Barney, or the giant in the beanstalk as he was called, hated the stuff and anyone who used it. Any minor that is, for his followers, the swamp dwellers, all used it and they fed it to their children such as they were. So when he’d come home to the little cottage after work at his sometimes carpenter’s job, and smell the sweet, sickly stuff anywhere in the vicinity, he knew right whom to contact.
“Marcus,” he’d call at first, sweetly in a distended voice like the big bad wolf just outside the house. “Where are you? You’re smoking grass again dear boy, aren’t you. The smell is disgusting. Where are you?” And he’d work himself up into an uncontrollable rage. It was like he was talking to a dog he wanted to punish. He’d then enter the house in his coveralls, going from room to room until he found him, usually in one of the hall closets. Then he’d grab the kid by the neck. He’d struggle.
“But Barney, God damn it. I didn’t do anything, honest. It must’ve been the neighbors. It’s not in here.” With a frightened face, he’d try to worm his way out of his shirt Barney had a hold of.
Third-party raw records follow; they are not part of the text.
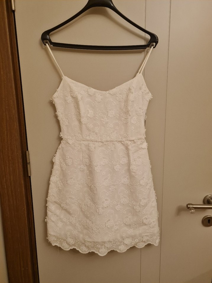 Askılı, straplez beyaz mini elbise, dantel çiçek detaylı ve vücuda oturan kesimiyle minimalist bohem tarz sunar. Romantik akşamlar için uygundur. Hiç giyilmedi, etiket mevcut.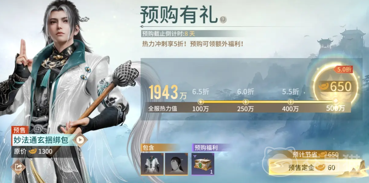 在活动期间还会开启无尘的特殊外观妙法通玄的礼包。咱们如果对这个外观有兴趣的话可以前往商城参与预购,如果预购达到指定人数的话,那么最高可以享受到5折的优惠。
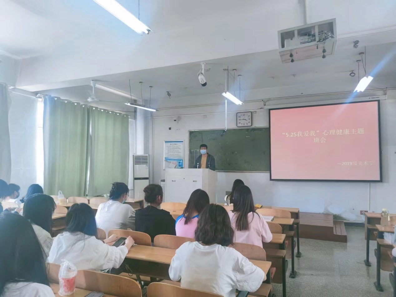 为营造良好的心理健康氛围,提升学生心理健康知识水平,强化心理保健意识,5月25日,美术学院2019级召开“5.25我爱我”心理健康教育主题班会。会议由各班班长与心理委员主持召开。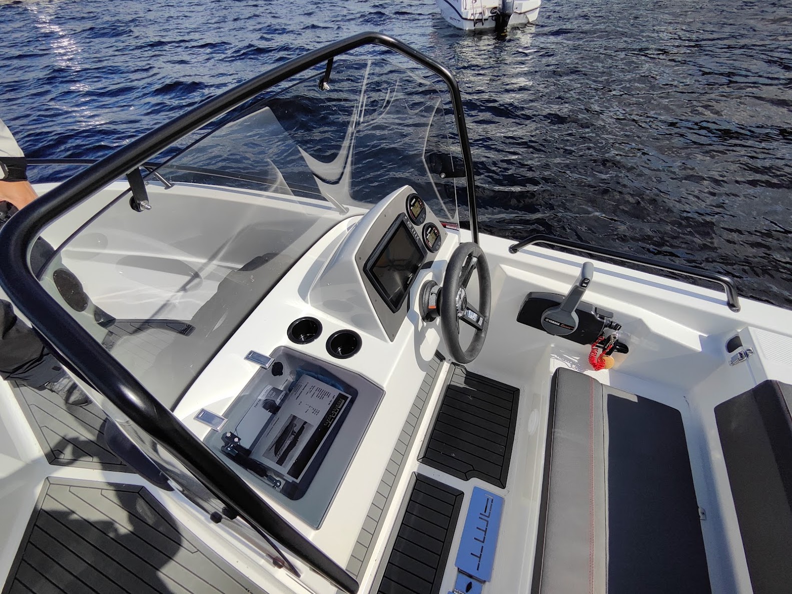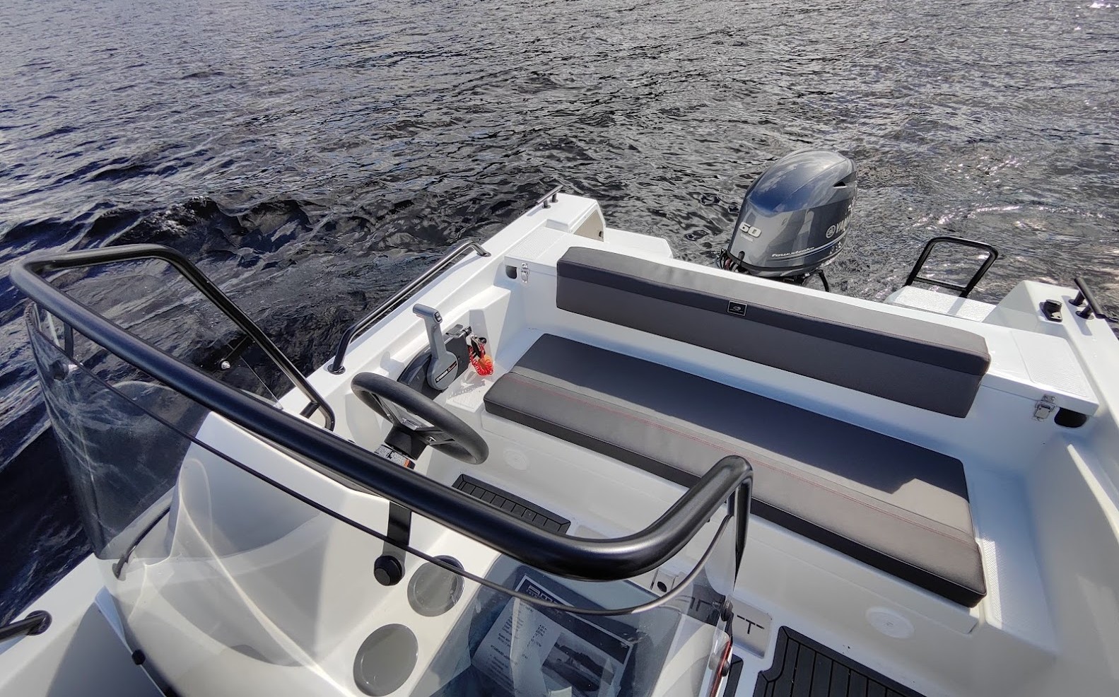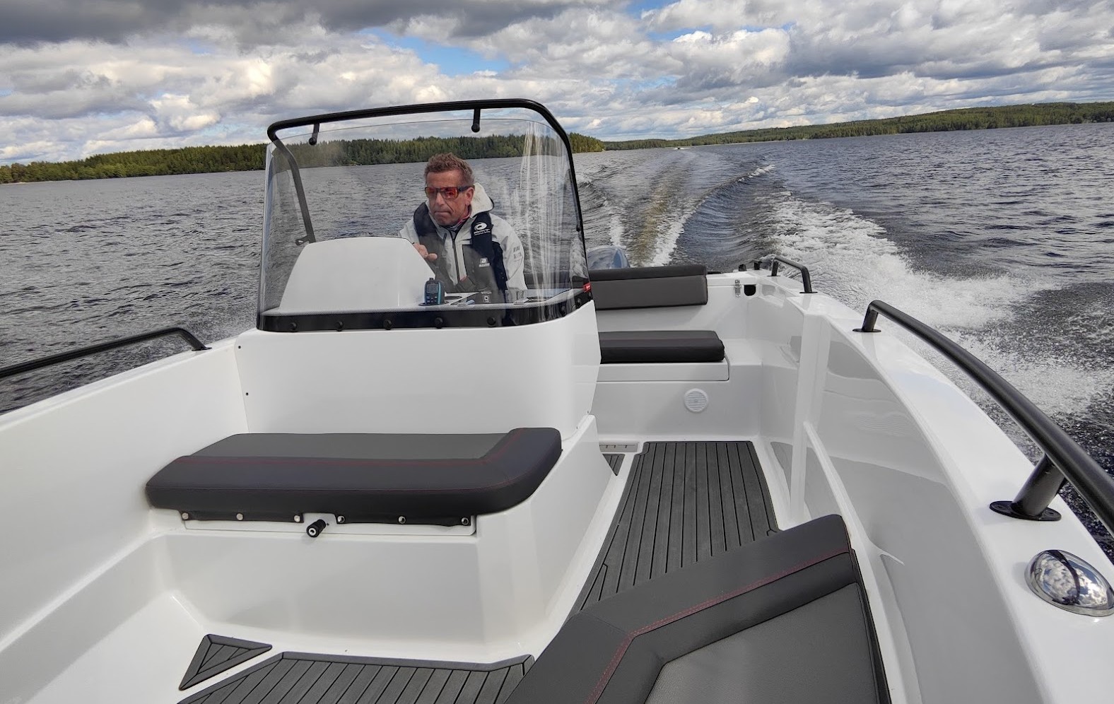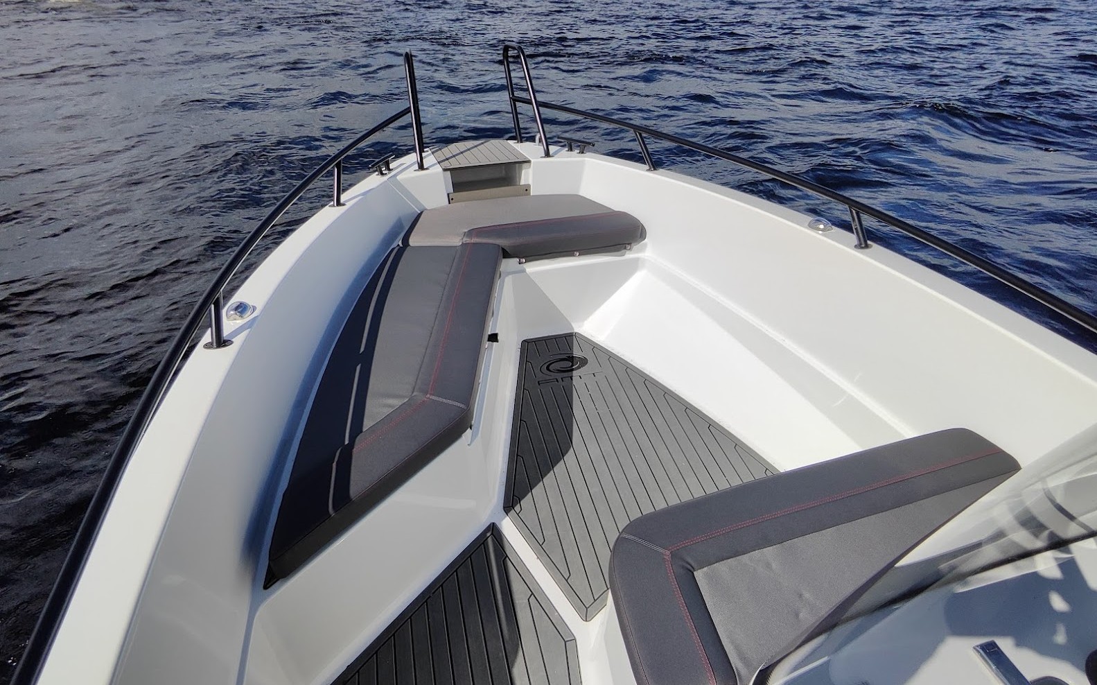 Standardudstyr: Gråt dækoverflade, synkefri Always to shore-konstruktion, komfortsæder, Dryfeel-hynder, integrerede Abloy-låse, rustfri greb, fast tank, benzinfilter, LED-navigationslys, 12V-udtag, automatisk lænsepumpe, brandslukker, Securmark-tyverimærkning.
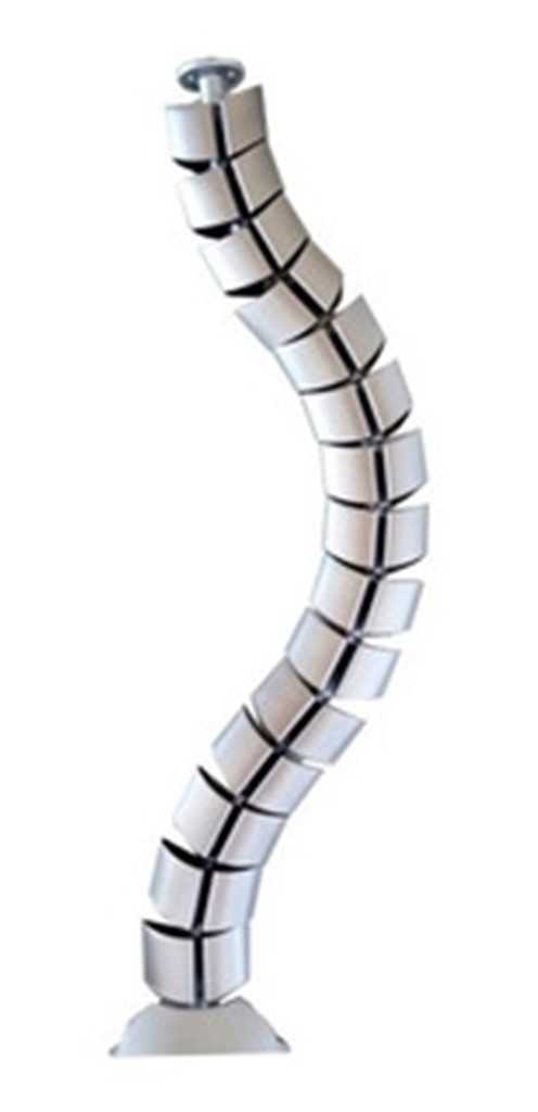 Organizador vertical giratorio y desmontable, fabricado en PVC color gris aluminio. Medidas: 74,5 cm de alto x 74,5 cm de largo x 0,08 cm de ancho. Incluye 15 vértebras modulares (se pueden agregar o quitar), 1 base y 1 soporte vertical. Peso aproximado: 1 kg. Ideal para ordenar cables de forma práctica.

“God damn it, kid. Why don’t you get a job? You don’t do anything ‘cept stay at the beach with that rich kid. Dammit …” And having worked himself into a state of self-righteous wrath, he’d cold cock the kid who didn’t even know so much as what it was to fight or defend himself, then knock him down or just choke him until he cried uncle and promised never to smoke again before he’d let him go whereupon the kid’d run upstairs and lock himself into his room where he’d stay and wouldn’t come down for dinner. He’d then cry himself to sleep.
“And you know why this man really did this, don’t you?” I told Hammond.
“No, why?”
He was extremely jealous of the boy’s intellect though he was no dummy himself and fairly well read. It seems even a smart man can penetrate the superior distance genius maintains and be stung by it. Barney had bee
n. The incidences (beatings) had become worse for Marcus wasn’t about to give up his ambrosia as he called it. And who’s to say at that point he could. Modern studies have after all proved marijuana as addictive as any other drug. And who was the mother to stop either Marcus’s habit or the beatings. She was a dipso herself, who’d run away at the first sign of commotion, retreat to her own room (which was also upstairs) and lock herself in where she had a little help (gin bottle) to get her through the ordeal before she could once again open her door or just plain pass out. I understand many times she did just that.
Then you couldn’t call the sheriff for domestic violence if you could get someone who would, for what was he going to do but most likely bust the kid for grass rather than the boyfriend for domestic violence. No, it was one hell of a dilemma the kid was in and it’d been going on for some time before Hartwig arrived on the scene. Matter of fact, lately the conflict’d become so bad Marcus’d run out of the house and down to Sandy’s where he’d cry on her shoulder, and spend several nights before he went home. At least that’s where he’d find sympathy. And now Hartwig was there. A male sensibility, which, of course, wanted to do more than listen. He, the rugby player, wanted to go out and put an end to the bullying once and for all if it entailed sending the man to the hospital, preferably that …
“You … you stay out of it,” Sandy’d come put her arms around him from behind where the three sat in serious discussion. Benji was down in his room where Marcus’d presently join him. “I don’t want my prize hurt. That man’s downright vicious. He’s an ex con, you know.” She referred to him as a prize, can you believe it.
“Yes, yes, I know,” Hartwig’d answer her. “How many times do you have to tell me?”
Then he’d turn to his ‘new sibling’ or little brother as he called him and observe the bruises or a discolored eye perhaps and his stomach’d curdle.